What to produce — The required output is the stretch from the line containing "- 【Two Ways" through the line containing "跨境粉色蝴蝶结棉布化妆包大容量护肤品收纳包便携洗漱包套装" in the records below, unaltered and with no pictures.

Data to examine —

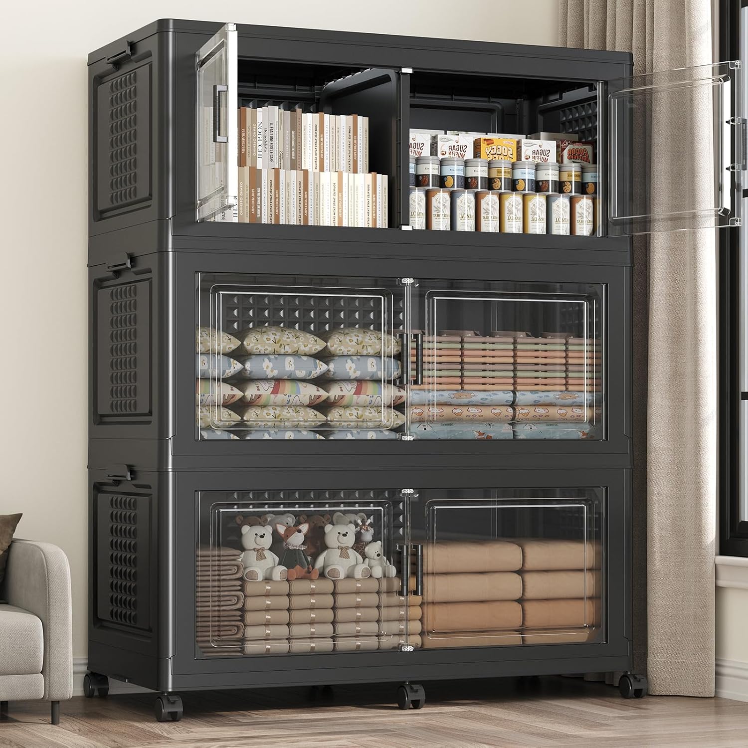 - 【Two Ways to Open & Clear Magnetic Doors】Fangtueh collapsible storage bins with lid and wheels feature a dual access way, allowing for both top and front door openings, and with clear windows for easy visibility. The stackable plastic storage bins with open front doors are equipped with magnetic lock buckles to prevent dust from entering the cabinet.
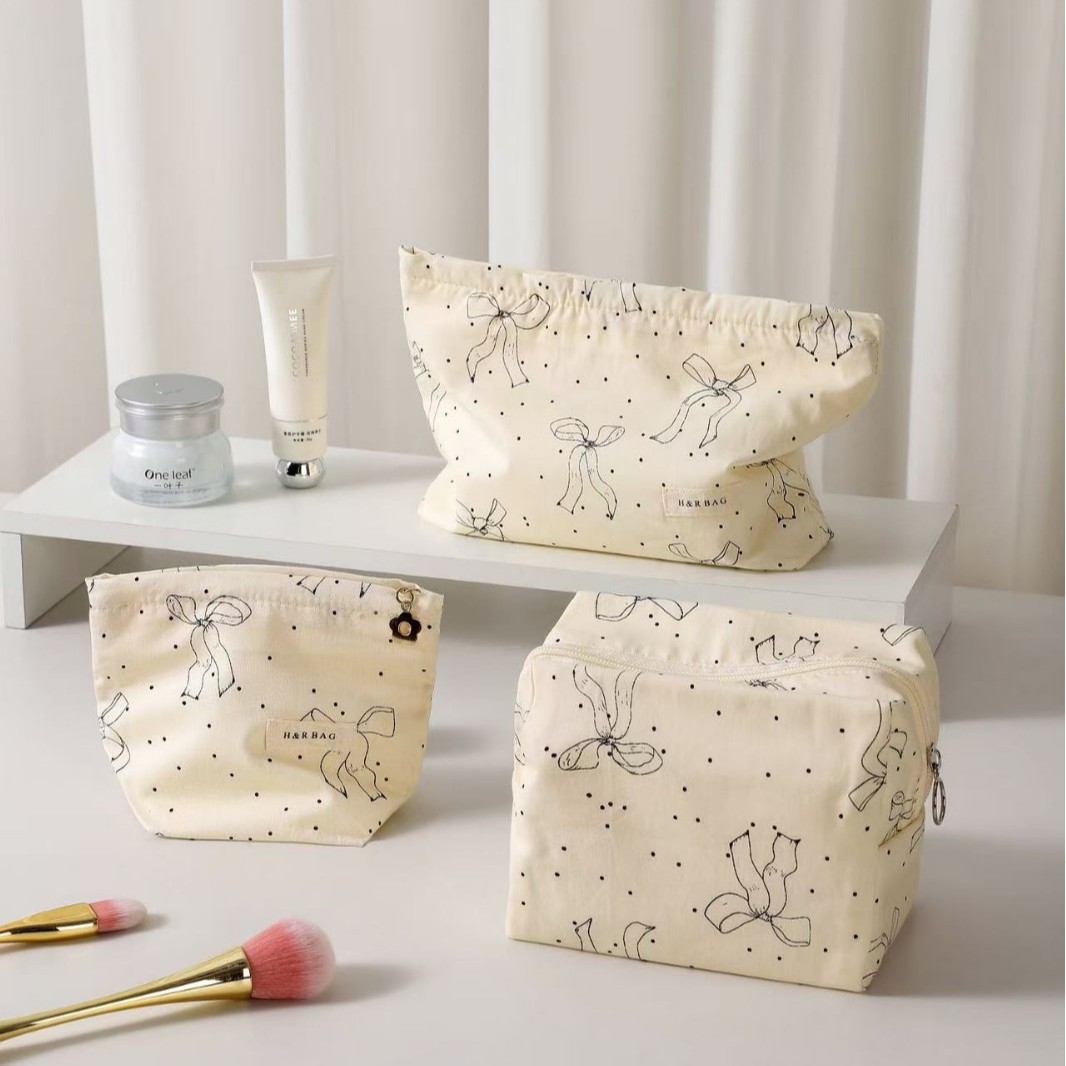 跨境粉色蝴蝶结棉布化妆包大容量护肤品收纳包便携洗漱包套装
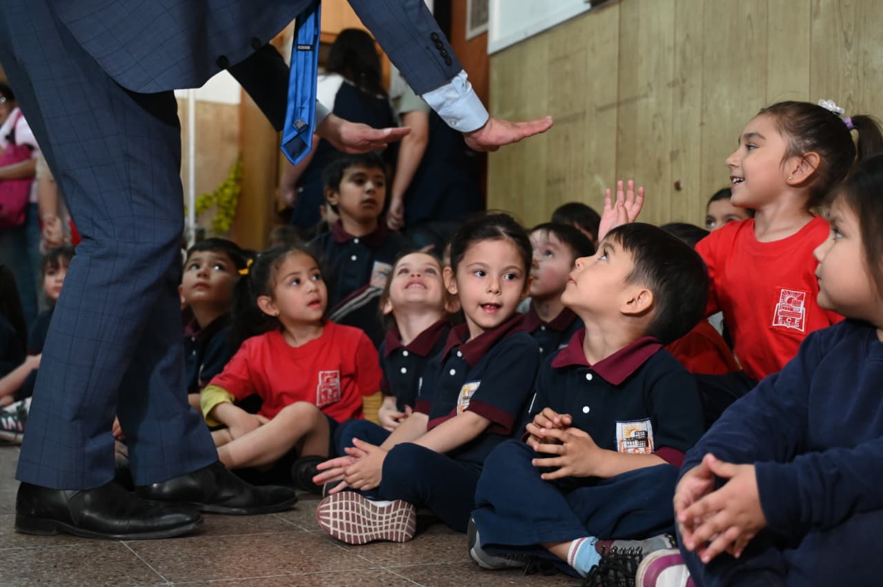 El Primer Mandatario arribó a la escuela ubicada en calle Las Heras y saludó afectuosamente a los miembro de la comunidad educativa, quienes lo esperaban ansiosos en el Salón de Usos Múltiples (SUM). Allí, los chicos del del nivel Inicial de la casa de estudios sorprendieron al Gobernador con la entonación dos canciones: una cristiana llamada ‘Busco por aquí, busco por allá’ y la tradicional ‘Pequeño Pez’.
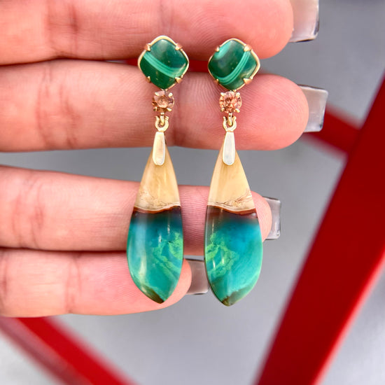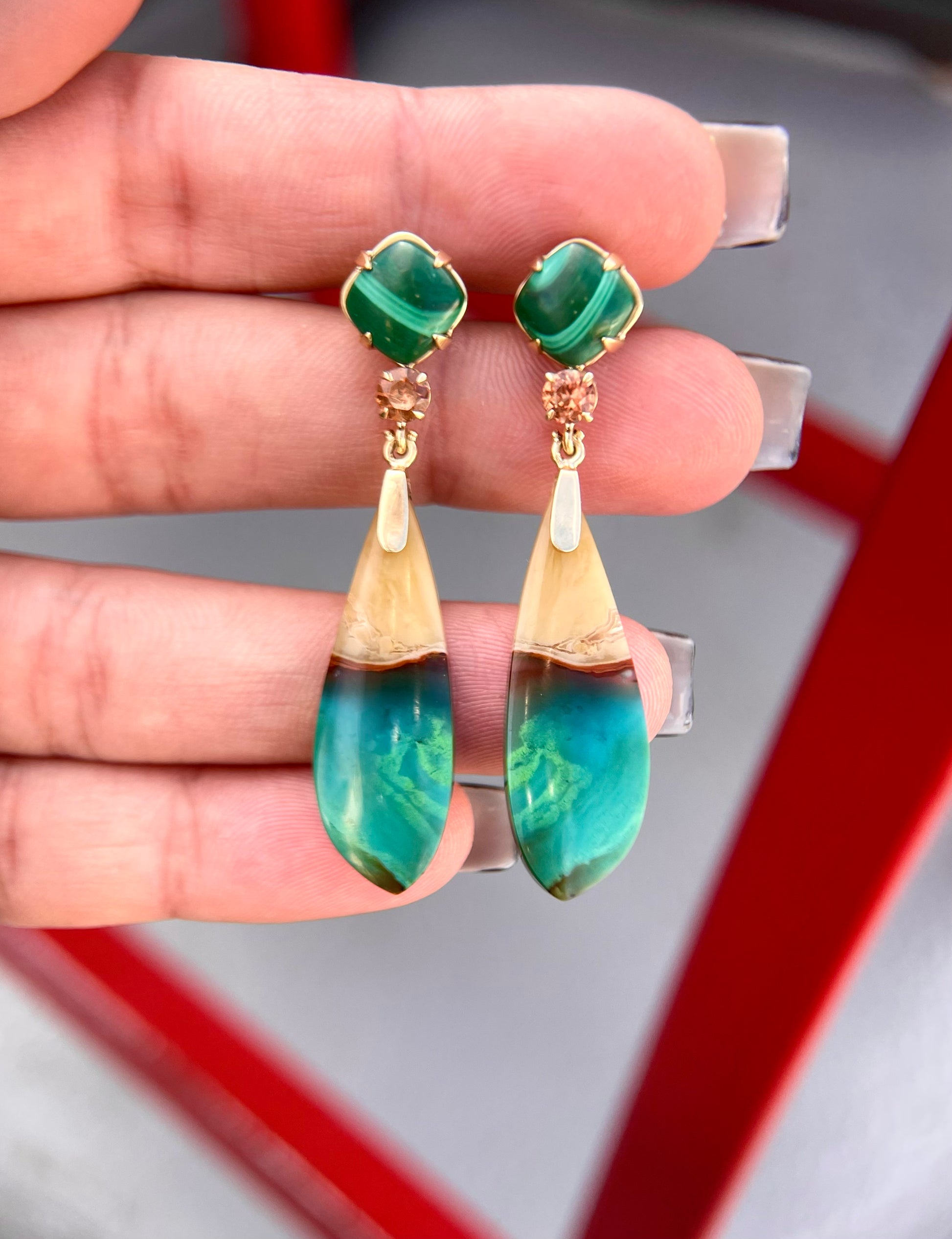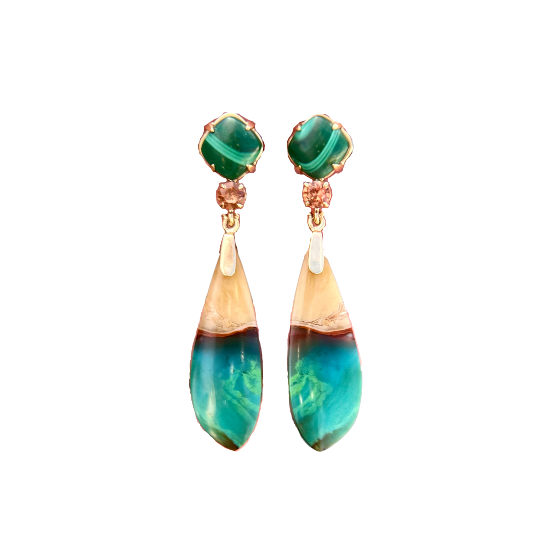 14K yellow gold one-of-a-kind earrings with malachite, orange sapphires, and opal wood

--

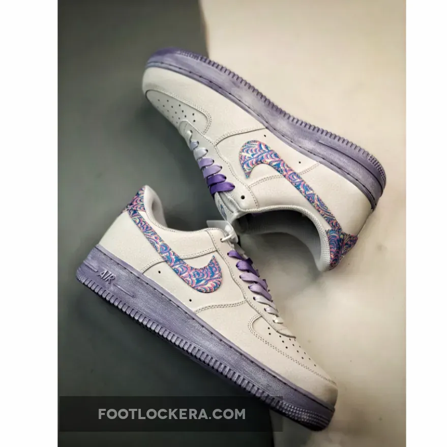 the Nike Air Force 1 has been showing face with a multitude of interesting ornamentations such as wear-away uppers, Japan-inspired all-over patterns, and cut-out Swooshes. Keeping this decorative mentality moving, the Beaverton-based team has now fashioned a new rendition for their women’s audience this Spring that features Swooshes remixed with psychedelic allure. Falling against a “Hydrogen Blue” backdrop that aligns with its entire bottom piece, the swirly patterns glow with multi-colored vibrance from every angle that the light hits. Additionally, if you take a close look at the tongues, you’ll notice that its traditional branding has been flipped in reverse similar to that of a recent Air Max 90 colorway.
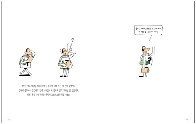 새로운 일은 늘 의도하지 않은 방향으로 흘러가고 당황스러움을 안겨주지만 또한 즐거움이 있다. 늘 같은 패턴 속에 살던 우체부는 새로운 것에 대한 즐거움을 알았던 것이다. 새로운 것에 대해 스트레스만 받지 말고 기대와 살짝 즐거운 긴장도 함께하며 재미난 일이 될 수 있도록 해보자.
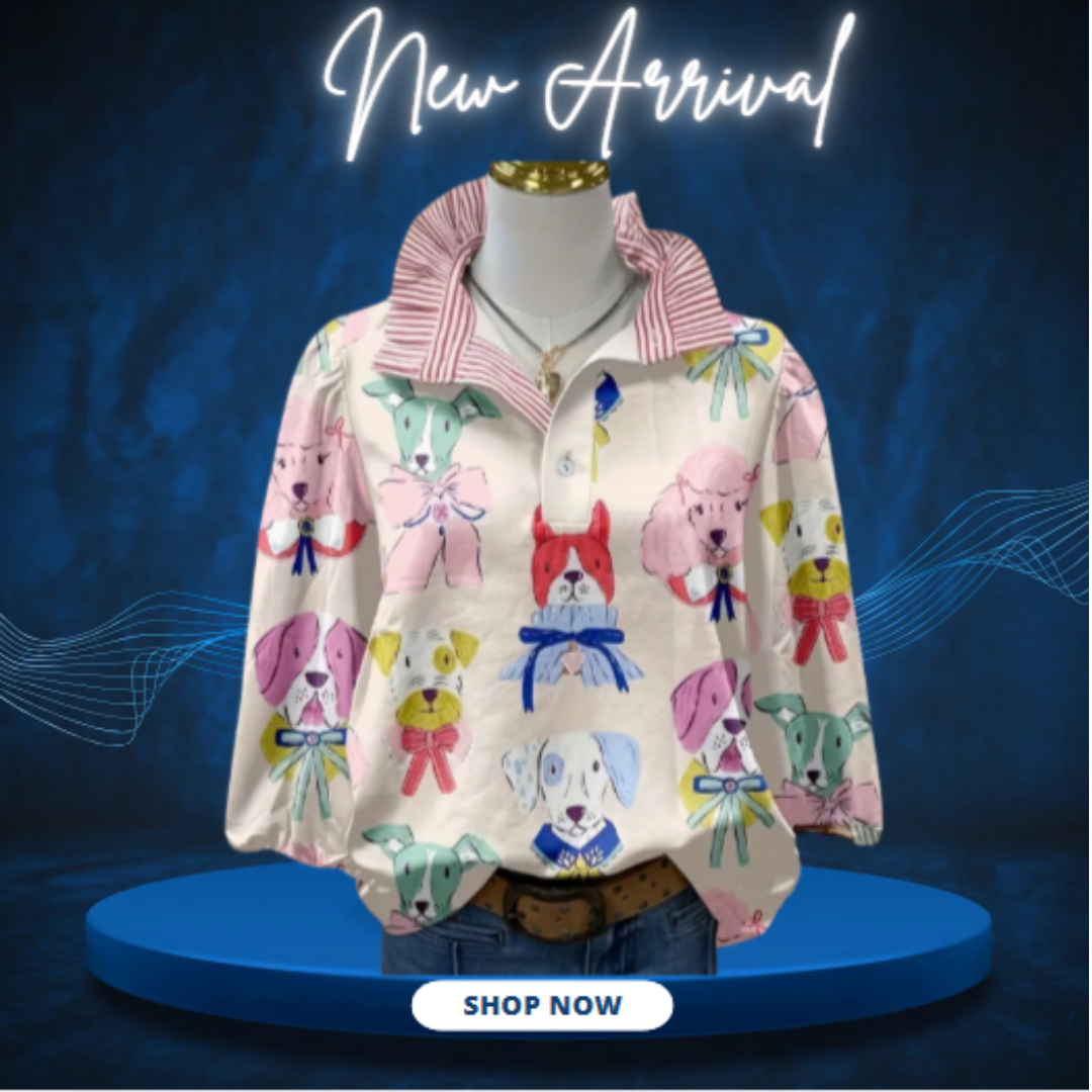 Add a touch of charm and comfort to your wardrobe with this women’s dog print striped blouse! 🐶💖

...

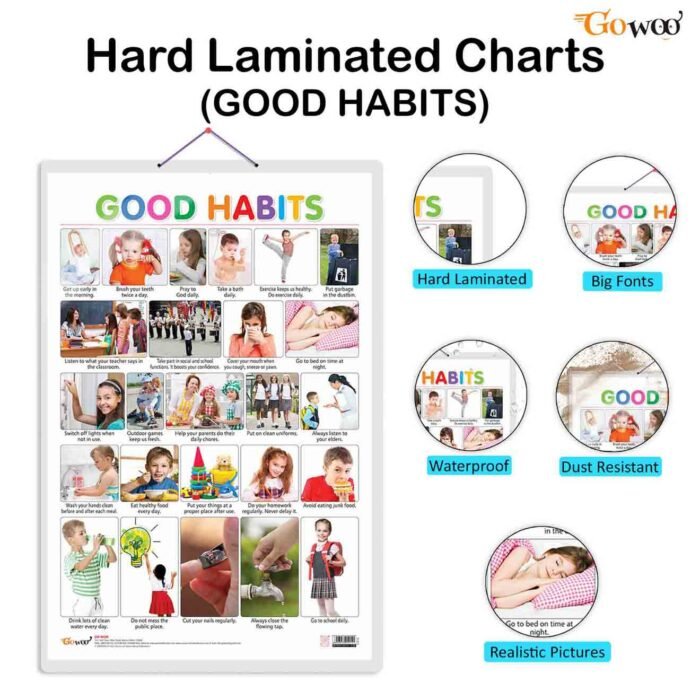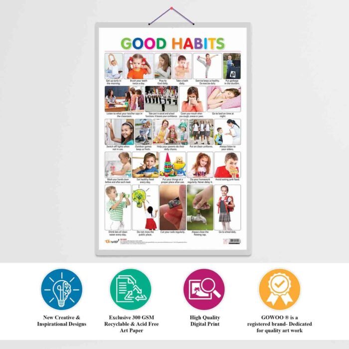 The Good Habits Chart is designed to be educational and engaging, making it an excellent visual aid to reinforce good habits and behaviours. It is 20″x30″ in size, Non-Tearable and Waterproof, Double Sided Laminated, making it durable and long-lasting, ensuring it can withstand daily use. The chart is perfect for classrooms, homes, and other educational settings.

Answer —
 - 【Two Ways to Open & Clear Magnetic Doors】Fangtueh collapsible storage bins with lid and wheels feature a dual access way, allowing for both top and front door openings, and with clear windows for easy visibility. The stackable plastic storage bins with open front doors are equipped with magnetic lock buckles to prevent dust from entering the cabinet.
 跨境粉色蝴蝶结棉布化妆包大容量护肤品收纳包便携洗漱包套装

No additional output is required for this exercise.